Discovery Rules for Personal Injury Cases

Many parties often wonder why courts usually set the hearing months, sometimes even years, after a lawsuit has been filed. The primary reason behind this is because the judge is obliged to give both parties sufficient time to gather all relevant documents. This process is called the discovery stage. Depending on the complexity of a personal injury case, discovery could take months even years to be completed.
The so-called “interrogatories” is the first phase in the discovery process. This phase includes the exchange of information and documents between the parties. It commences with the request letters of both parties which contain a list of all the documents they need for the preparation of the claim. Typically, these letters include specific questions and the other party is expected to answer them as thoroughly as possible.
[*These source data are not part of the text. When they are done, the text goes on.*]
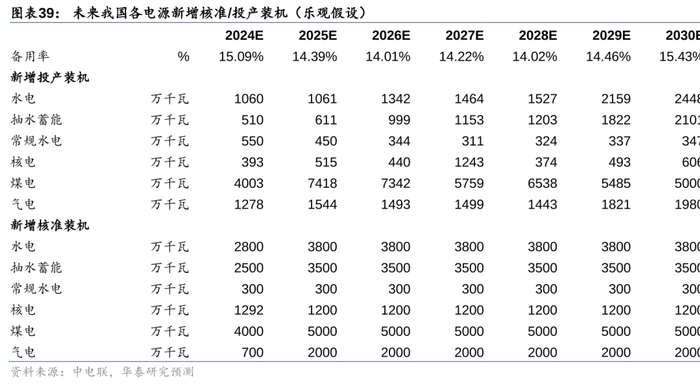 乐观假设下:若我国电力系统2027-2030年备用率维持在15%左右,则2024年新增核准水电/核电/煤电/气电分别2800/1292/4000/700万千瓦;2025年及之后每年新增核准水电/核电/煤电/气电分别3800/1200/5000/2000万千瓦。
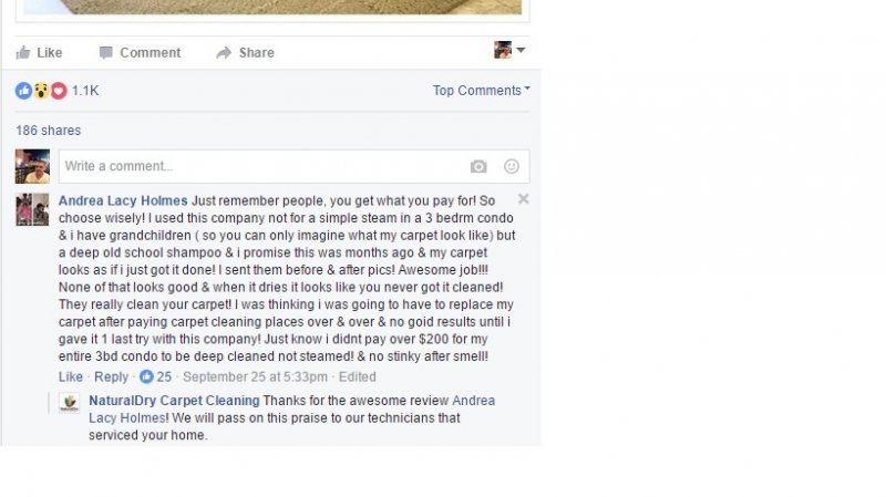 Don't run post ads with multiple pictures!! If you look at my Facebook: http://www.facebook.com/naturaldry I started running that Rug Cleaning Ad. I have 7 pictures in that post. The results were shit. I thought it would be good because they look pretty cool and would draw attention. Yet I had only 2 link clicks out of $100. Waste of money. Use only ONE Before & After Pic in your post ad. It draws more attention. Make sure the before/after looks good. We've been lacking on doing Before/Afters so I've re ran some old ones from 2014 that people probably don't remember.
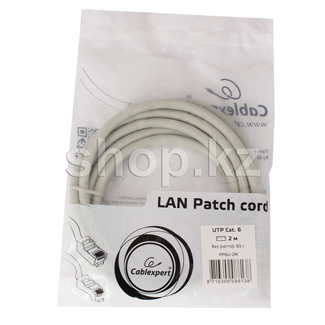 Patch cord RJ-45 6 cat Cablexpert PP6U-2M, UTP, 2m, Grey
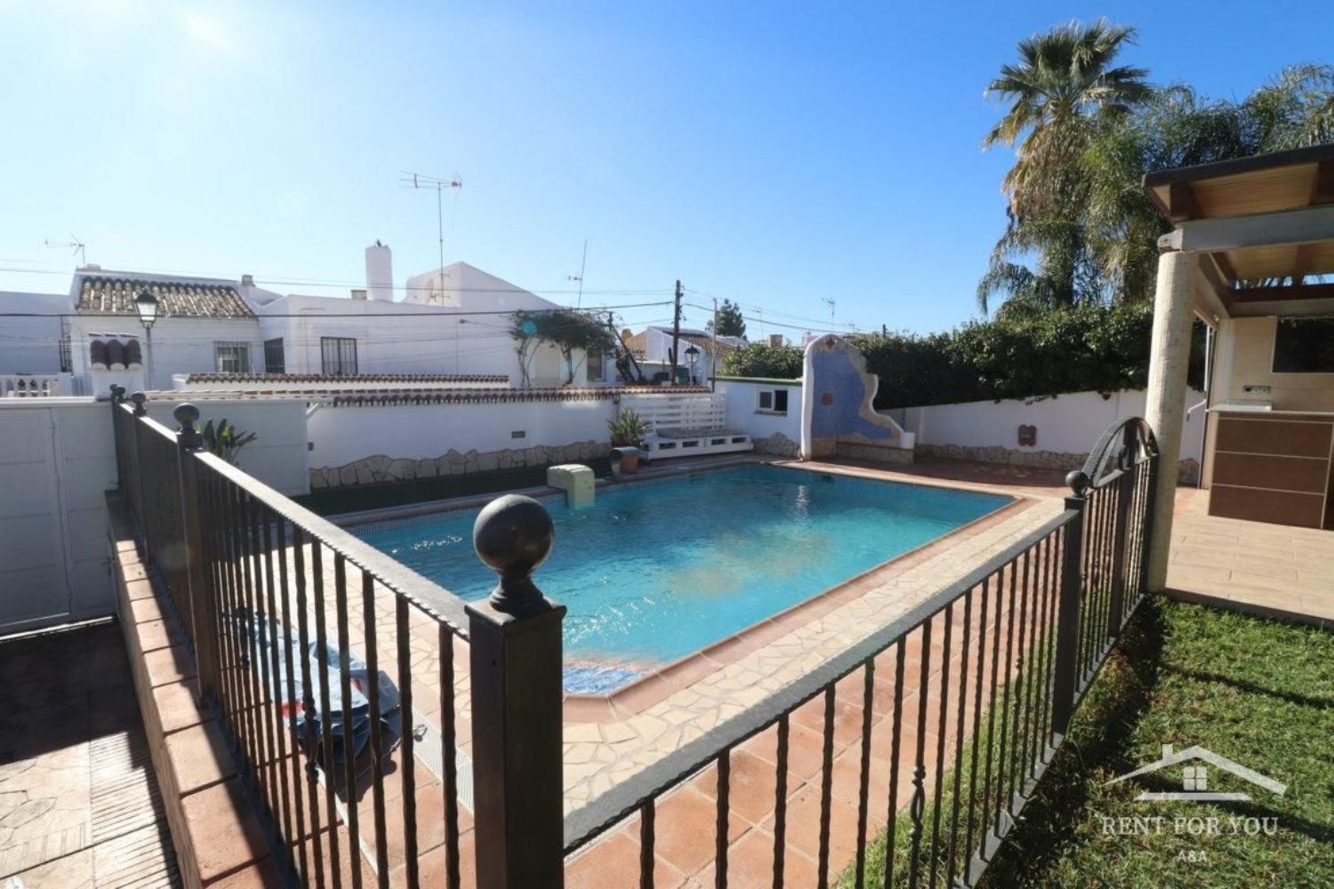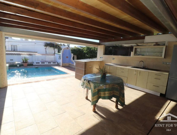 Estupendo chalet indepndiente situado en las afueras de la población, en urbanización, rodeada de todo tipo de comercios y servicios, excelentemente comunicada con Marbella o con la capital malagueña.La propiedad cuenta con portón de entrada automático, una estupenda piscina, amplia zona de barbacoa techada, un cuarto de baño exterior con plato de ducha, cochera para un vehículo, porche techado; Además tiene placas solares para el suministro electrico de la misma.Interiormente la vivienda se encuentra semiamueblada y cuenta con aire acondicionado en todas sus estancias.Se encuentra distribuida en 2 plantas de la siguiente forma:En planta baja un amplio salón, una gran cocina totalmente equipada, lavadero, 3 habitaciones con armarios empotrados, u cuarto de baño con bañera y pequeño patio interior.En 1ª planta una gran estancia totalmente diáfana de unos 80 metros con un cuarto de baño con plato de ducha, ideal como zona de trabajo indepndiente de la casa o como apartamento para invitados.Se acepta alguna mascota.Fianza de 2 meses.
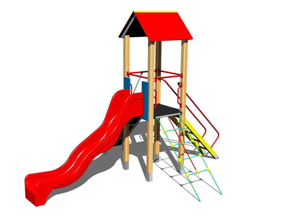 Vež, šmýkačka, strieška ve tvare "A", šikmý výlez s lanom a nášľapy z HDPE, šikmá šplhacia sieť, šikmý výlez s nášľapy a kovovými madlami. Viac informácií
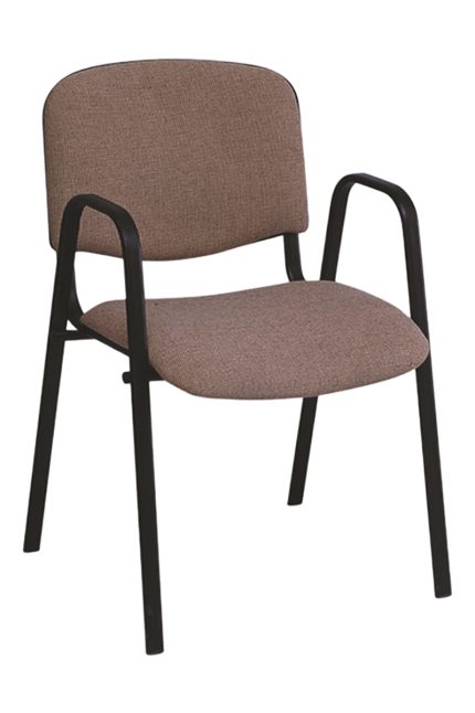 Fekete fém vázas szerkezetű, karfás ISO szék, kárpitozott ülőfelülettel, és háttámlával. Hátlap szivacs: 25 mm, ülőlap szivacs: 30 mm, rétegelt falemez háttámla és ülőlap panel, műanyag ülőlap burkolat, rakásolható kivitel. Teherbírás: 110 kg. A feltűntetett ár C szövetkategóriára érvényes. ISO termékcsaládunk székei minőségi króm, illetve elektrosztatikusan porszórt acél vázzal készülnek. Rakásolható kivitelben, valamint három küldönböző opcióban rendelhetőek: karfával, írólappal, sorolóelemmel.
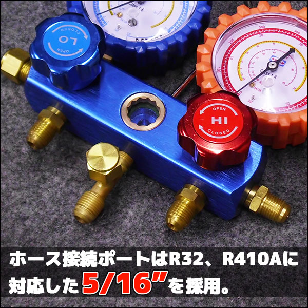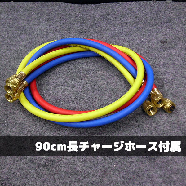| 仕様 | ●2バルブマニホールド ●サイトグラス付 ●チャージホース接続ポート:5/16" ●90cm長チャージホース付属 ●Bar(バール)、Psi(ポンド)表記 ※Bar(バール)表記は値を1/10すればMPa(メガパスカル)と同等の値になります。 1Bar=0.1MPaとなります。 |
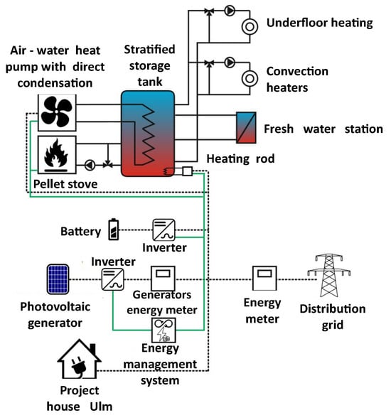 The Projekthaus Ulm (PHU) is a low-energy house inhabited by a family of four. The house is equipped with a 9 kWp and a 4 kWp PV system and a 4 kWh battery storage. The core of the heating system consists of a 14 kW air-to-water heat pump and an 800 L thermal stratified storage tank with a max. 6 kW heating rod. Bivalent operation is made possible by a supplementary pellet burner, which is used primarily during periods of low outdoor temperatures when the efficiency of the heat pump drops []. The system allows for heating via underfloor heating and conventional radiators, as well as hot water delivery via a freshwater station. Due to the fact that the heat storage reaches a temperature of over 60 °C during operation, the requirements according to DVGW worksheet W 551 in combination with the German Drinking Water Ordinance are fulfilled, and as the usable hot water is not delivered directly from the thermal storage, further disinfection is not included in the modeling and analysis. A schematic of the installed heating and electric system is shown in Figure 1.
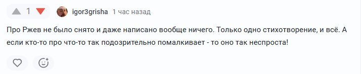 Под статьей с разбором фильма "Ржев" мне написали, что дескать в советское время про Ржевскую битву ничего не писали и не снимали, а если "кто-то про это подозрительно помалкивает" значит стопудово тут дело нечисто. Ну на самом деле, про Ржевскую битву в советское время писали, и не только одно стихотворение. Для примера есть очерк Александра Полякова датированный 1943 годом, который так и называется «Под Ржевом». Имеется сборник 1973 года под названием "В боях за Ржев", в аннотации книги сказано: "В мемуарной и художественной литературе о Великой Отечественной войне часто упоминаются бои за Ржев. Однако сколько-нибудь полного описания сражения,
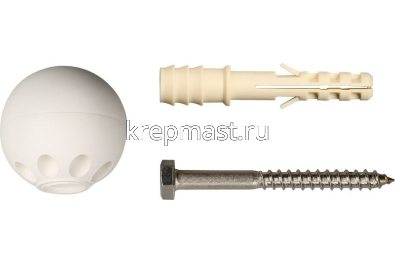 Ограничитель дверной ЕВРОПАРТНЕР белый - комплект, состоящий из нейлонового дюбеля, установочного нержавеющего шурупа и декоративного сферического ограничителя различных расцветок. Ограничитель диаметром 35 мм изготовлен из износостойкого эластомера. Крепление к полу осуществляется при помощи шурупа и дюбеля.
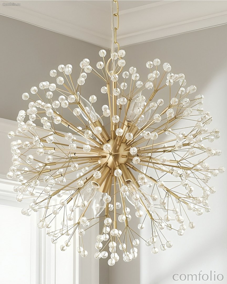 Золотая люстра "Норвич" - это причудливая форма в виде шара из тонких стеблей в цветовой гамме - латунь, которые разветвляются, образуя эффектное основания люстры. Усиливают эффект от этой люстры сверкающие хрустальные шарики, расположенные на кончиках каждой из множества ветвей. Люстра напоминает одуванчик, который волшебным образом превращается в мерцающую звезду. Свет, проникающий через хрустальные шары, разбивается на множество лучей, который будет распространяться по комнате, создавая волшебную атмосферу. Она идеально подойдет для гостиной, столовой или спальни.
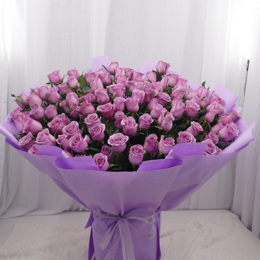 Откройте для себя незабываемое зрелище красоты с этим исключительным набором «Цветы в корзине». Композиция состоит из ошеломляющего количества 101 фиолетовых роз, специально подобранных для радостного открытия. Эти потрясающие цветы, изящно укрытые в мягкой корзине, излучают королевскую роскошь. Элегантная композиция гарантированно добавит нотку величия любому событию и идеально подойдет для создания эффектных центральных композиций, изысканных настольных композиций или в качестве захватывающего подарка вашим близким. Вложите средства в эту божественную цветочную симфонию, которая излучает очарование и изысканность. Впустите в свою жизнь букет счастья и вдохновения – по одной фиолетовой розе за раз.
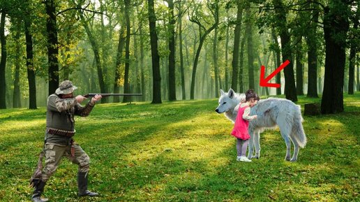 Девочка заслоняла собой белую волчицу от охотника, ведь она была ее лучшей подругой
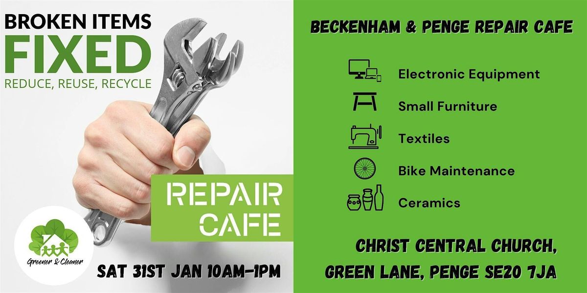 Welcome to the Beckenham & Penge Repair Cafe at Christ Central Church! Join us on Sat 31st January from 10AM for a fun and eco-friendly event. Bring your broken items and our skilled and experienced repair volunteers will help you fix them for free! Whether it's a wonky toaster, a wobbly chair or a moth holed jumper, we've got you covered. Let's reduce waste and learn new skills together. See you there!
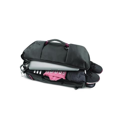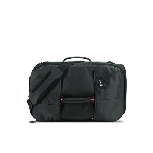 The Solo All-Star Hybrid Backpack Duffel Bag will be the MVP for all your travel needs. Part of the Varsity Collection, this hybrid bag comes with convertible backpack straps which conveniently store away, you can carry this bag on your back or as a duffel. This bag features a large compartment which opens flat. A zipper compartment along the inside cover allows easy storage for a laptop or tablet, and two additional outer zipper pockets allow for essentials to be within easy reach. A separate shoe laundry compartment with exterior zipper runs along one end of the bag, and the other sides all feature convenient carry handles. Each zipper features a sports pull tag and the lightweight nylon construction makes this bag easy to carry. An adjustable padded shoulder strap attaches to D-rings on either end, allowing for various carrying options. Meets standard airline carry-on requirements.
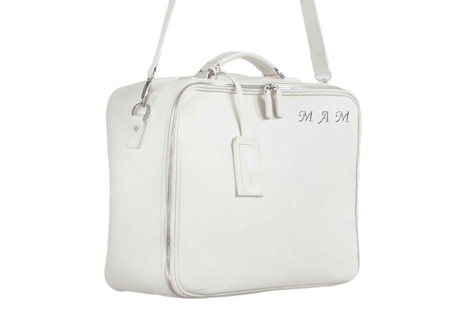 La valise « Baby Love » en cuir d’agneau plongé (3 coloris) monogramme sur commande se décline en 3 ors. Prix sur demande.
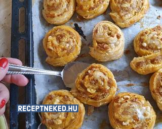 A csigákhoz a kinyújtott téglalapot feltekerjük, mint a piskótatekercset, majd egy éles kés segítségével kb 1,5 cm széles korongokat vágunk le a rúdból.
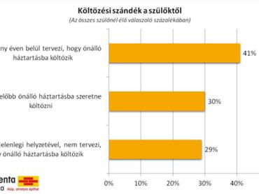 A kutatás eredményei alapján a szülőkkel lakók 29 százaléka elégedett a jelenlegi helyzetével, a többiek viszont költözni szeretnének előbb-utóbb. A legtöbben (41%) néhány év múlva, majdnem harmaduk pedig (30%) minél hamarabb saját háztartást szeretne. A költözési szándékot természetesen jelentősen befolyásolja az életkor: a harmincasok azok, akikben a legerősebb a változás vágya. 46 százalékuk említette, hogy a lehető leghamarabb önálló háztartásba költözne, a húszasoknak mindössze 28 százaléka szeretne gyorsan változtatni a helyzetén. Az életkor mellett a párkapcsolat és a családtervezés közelsége meghatározó: főként azok nagyon költözéspártiak, akik párkapcsolatban élnek, valamint gyereket terveznek.
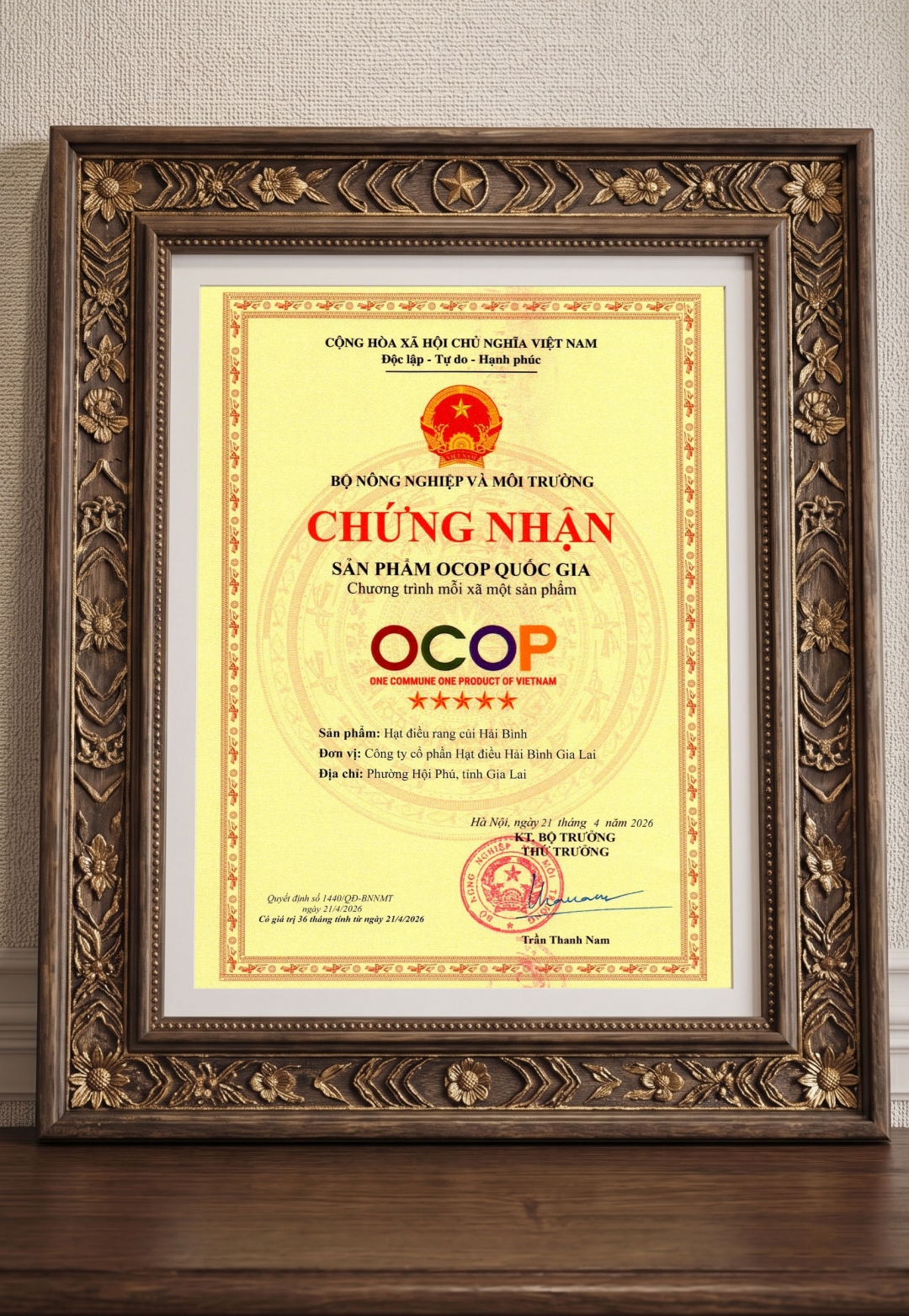 Trang chủ Tin tức & Sự kiện HẠT ĐIỀU HẢI BÌNH GIA LAI CHÍNH THỨC ĐẠT CHỨNG NHẬN OCOP 5 SAO QUỐC GIAHẠT ĐIỀU HẢI BÌNH GIA LAI CHÍNH THỨC ĐẠT CHỨNG NHẬN OCOP 5 SAO QUỐC GIACác tin khác[Hải Bình Chính thức] Ra mắt Mascot “A Điều” – Biểu tượng mới của Hạt điều Hải Bình 12:04 21-11-2025“A Điều” – linh vật mới của Hạt điều Hải Bình, mang tinh thần mộc mạc – ấm áp – chân thành của đất Gia Lai.Với nụ cười hiền, ánh mắt ...Thư mời tham gia gian hàng Foodexpo 2025 – Hạt điều Hải Bình 11:05 08-11-2025Hạt điều HẢI BÌNH GIA LAI trân trọng kính mời Quý Anh/Chị đến tham quan gian hàng của Hải Bình tại Hội chợ Triển lãm Quốc tế Công nghiệp Thực ...BÍ MẬT TỪ LỬA – GIỮ TRỌN VỊ NGỌT & BÙI CỦA HẠT ĐIỀU 04:58 12-08-2025Khám phá bí quyết hạt điều rang củi giữ trọn vị ngọt bùi, thơm ngon tự nhiên, an toàn và giàu dinh dưỡng, khó ai có thể quên.Giữ trọn vị điều – Giữ trọn chân thành cùng Hạt điều Hải Bình 02:31 05-07-2025Hạt điều Hải Bình rang củi truyền thống, không phụ gia, không chất bảo quản. Giòn thơm tự nhiên, an toàn sức khỏe, giữ trọn vị nguyên bản.Hạt điều Hải Bình – Có mặt tại GO!, WinMart, Mega Market với nhiều ưu đãi hấp dẫn! 10:40 04-07-2025Đừng quên Hạt điều Hải Bình có mặt tại GO!, WinMart, Mega Market và đang có nhiều chương trình hấp dẫn cuối tuần, giúp bạn tiện lợi hơn khi mua mà ...CHÚT ĐIỀU NHỎ - LÀM NGÀY DÀI BỖNG DỄ THƯƠNG 09:56 24-06-2025Hạt điều rang củi Hải Bình – giòn béo, tự nhiên, giúp cải thiện tâm trạng, bổ sung năng lượng và làm đẹp da mỗi ngày.Danh mục sản phẩmHạt Điều Rang Củi Túi GiấyHạt Điều Rang Củi Set Quà TặngHạt Điều Rang Củi Hộp NhựaHạt Điều Rang Củi Túi NhômHạt Điều Rang Củi Gói NhỏHạt điều tỏi ớt hũ nhựaHỗ trợ khách hàngSản Phẩm Đa DạngThanh Toán Linh HoạtVận Chuyển NhanhƯu đãi tốt

Ordinarily, if the incident happened in Denver, an accident lawyer in Denver should prepare or at least review the request letter. Unfortunately, in many cases, the defendants merely give vague answers to the questions. Thus, in the majority of cases where the claim is brought to court, it is imperative to consult an injury lawyer in Denver. Relevant documents can include witness statements, police reports, ambulance reports, property damage appraisals, photographs of the scene and the injuries, insurance policies and all other medical records.
Response Time
After the injury lawyer in Denver sends out the request for documents, the other party has usually 30 days to respond. Other statutory laws have different timelines. If the accident lawyer in Denver considers the response to be insufficient, he can file a motion with the court asking the court to issue an order compelling the other party to send the requested documents, also known as “Motion to Compel Discovery.”
Depositions what are the two main types of cases?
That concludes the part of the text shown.